A. Director Duties and Related-Party Transactions

  1. Re D’Jan of London Ltd [1994] BCC 220, UK
    • Directors’ negligent mismanagement made a transaction reviewable.
    • Principle: Directors must act with care and diligence, especially in related-party deals.
  2. Regentcrest plc v Cohen [2001] 2 BCLC 80, UK
    • Directors approved a questionable transaction with controlling shareholders.
    • Court reinforced that reviewable transactions can trigger liability if not in company interest.

B. Shareholder and Market Oversight

  1. City of London Corporation v Standard Chartered Bank [1992] BCLC 150, UK
    • Court reviewed a major acquisition affecting control.
    • Principle: Transactions affecting shareholder control are subject to scrutiny.
  2. Re MC Bacon Ltd [1991] BCLC 712, UK
    • Transaction review focused on financial integrity and disclosure compliance.
    • Courts examine whether corporate approval followed proper procedures.

C. Related-Party and Connected Person Transactions

  1. Bairstow v Queens Moat Houses plc [2001] BCC 292, UK
    • Reviewable dividend distribution deemed unlawful due to inadequate solvency check.
    • Key principle: Transactions with financial consequences require careful review and documentation.
  2. Re Barings plc [2000] 1 BCLC 523, UK
    • Complex transactions during corporate distress were reviewable to protect creditors and shareholders.
  3. FHR European Ventures LLP v Cedar Capital Partners LLC [2014] UKSC 45, UK
    • Confirms that profits from undisclosed transactions by fiduciaries are recoverable, making such transactions reviewable.

5. Principles Derived from Cases

  1. Duty of Care – Directors are liable if they approve harmful transactions without proper due diligence.
  2. Shareholder Protection – Shareholder approval or oversight is required for significant transactions.
  3. Disclosure – Full transparency is essential to make a transaction defensible.
  4. Remedy for Wrongdoing – Courts can reverse or nullify transactions that violate governance rules.
  5. Related-Party Scrutiny – Transactions involving directors, controlling shareholders, or connected persons are automatically reviewable.
  6. Market Compliance – Listed companies must comply with Takeover Code and Listing Rules; non-compliance may trigger regulatory review.

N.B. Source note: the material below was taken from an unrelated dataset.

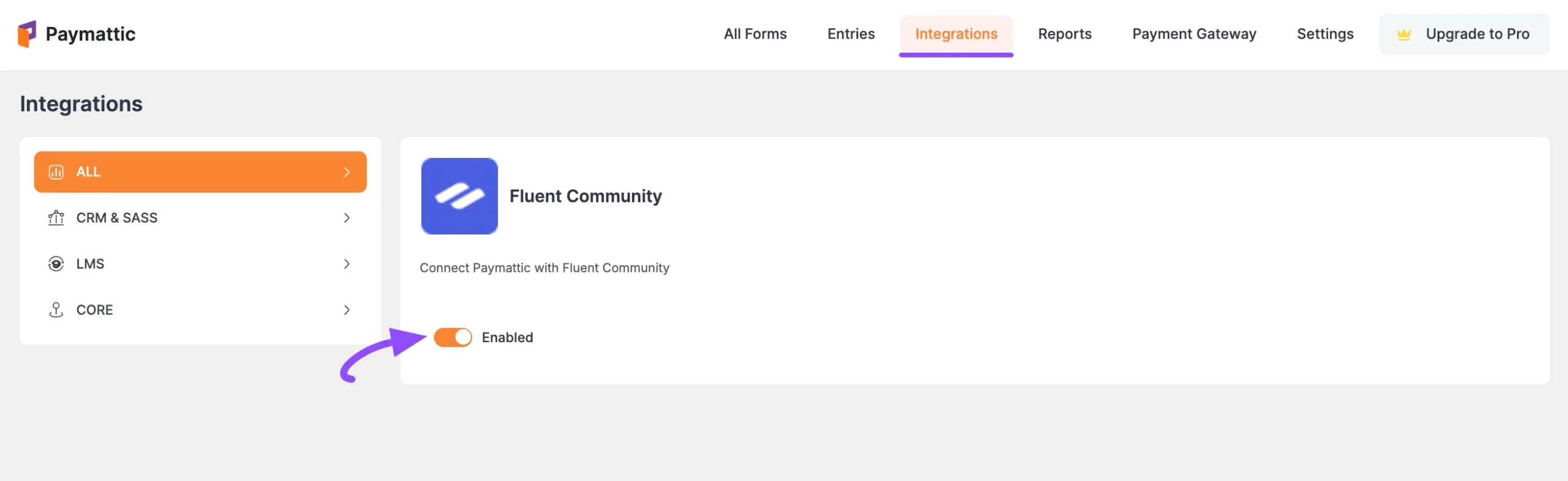 Before starting the process, you need to connect the FluentCommunity with Paymattic from the FluentCommunity Plugin.

6. Practical Guidelines for Corporations

  1. Document Board Approval – Record all deliberations and rationale for reviewable transactions.
  2. Obtain Shareholder Consent – Required for related-party, large-scale, or control-changing transactions.
  3. Independent Advice – Engage auditors or financial advisers to assess fairness and risk.
  4. Full Disclosure – Ensure all material terms are disclosed in filings or circulars.
  5. Compliance Review – Verify adherence to Listing Rules, Takeover Code, and Companies Act provisions.
  6. Maintain Audit Trail – Keep documentation for litigation or regulatory review for 6–7 years.

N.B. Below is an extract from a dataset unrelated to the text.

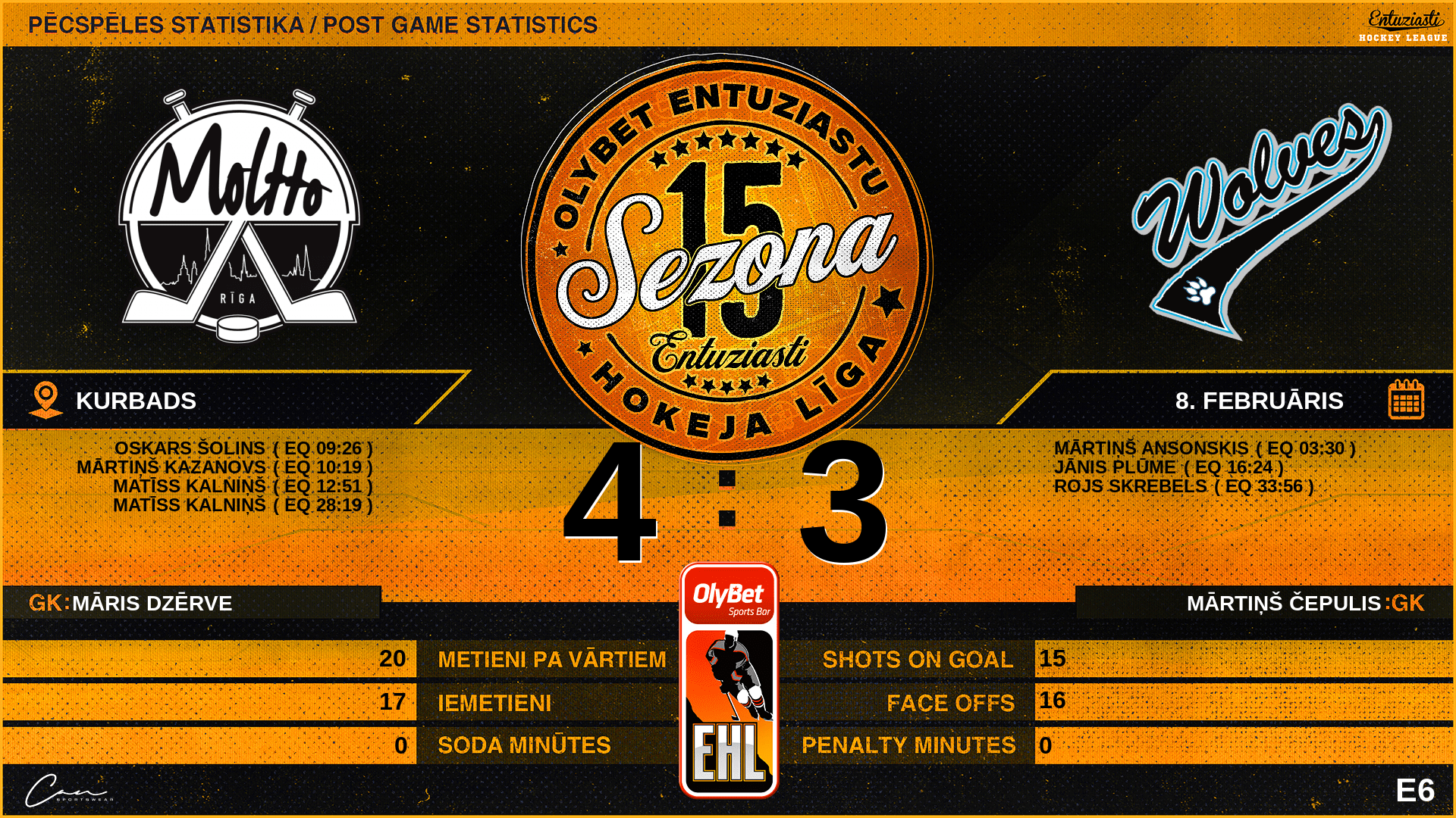 | 33:56 | WF3 | Vārti (EQ) MTO 4 : 3 WF3 | #97 Rojs Skrebels, piespēles: #84 Aleksejs Carjovs, #16 Arturs Virvinskis |
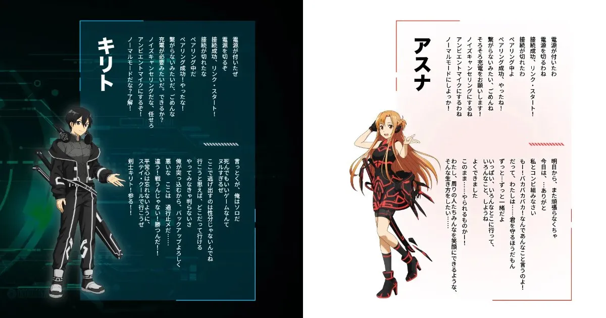 AVIOT新推出體現《刀劍神域》世界魅力的完全無線耳機。以「黑」和「白」為基礎,以像徵人物的圖案為基礎的特別設計,以及全新繪製的包裝。超過 170 種全新錄製的聲音,生動地帶回了他們走過的許多世界的回憶。與音樂一起,我們回到英雄的故事。

7. Summary Table of Key Cases

CasePrincipleOutcome
Re D’Jan of London (1994)Directors’ duty in reviewable transactionsTransaction reviewed due to negligent approval
Regentcrest plc v Cohen (2001)Directors’ approval of related-party dealsLiability possible if not in company interest
City of London Corp v Standard Chartered (1992)Shareholder control impactTransactions affecting control are reviewable
Re MC Bacon Ltd (1991)Financial integrity & disclosureCourt scrutinized procedural compliance
Bairstow v Queens Moat Houses (2001)Solvency in dividend transactionsTransaction declared unlawful due to inadequate review
Re Barings plc (2000)Corporate distress transactionsReviewable to protect creditors & shareholders
FHR European Ventures v Cedar Capital (2014)Fiduciary profit transactionsUndisclosed profits recoverable; transactions reviewable

8. Conclusion

Reviewable Transaction Rules ensure:

  • Protection of shareholders, creditors, and market integrity.
  • Directors adhere to fiduciary duties, due diligence, and disclosure obligations.
  • Courts and regulators can review, challenge, or reverse harmful transactions.

Best Practice: Any significant, related-party, or control-changing transaction should be carefully documented, approved, disclosed, and justified to minimize legal and governance risk.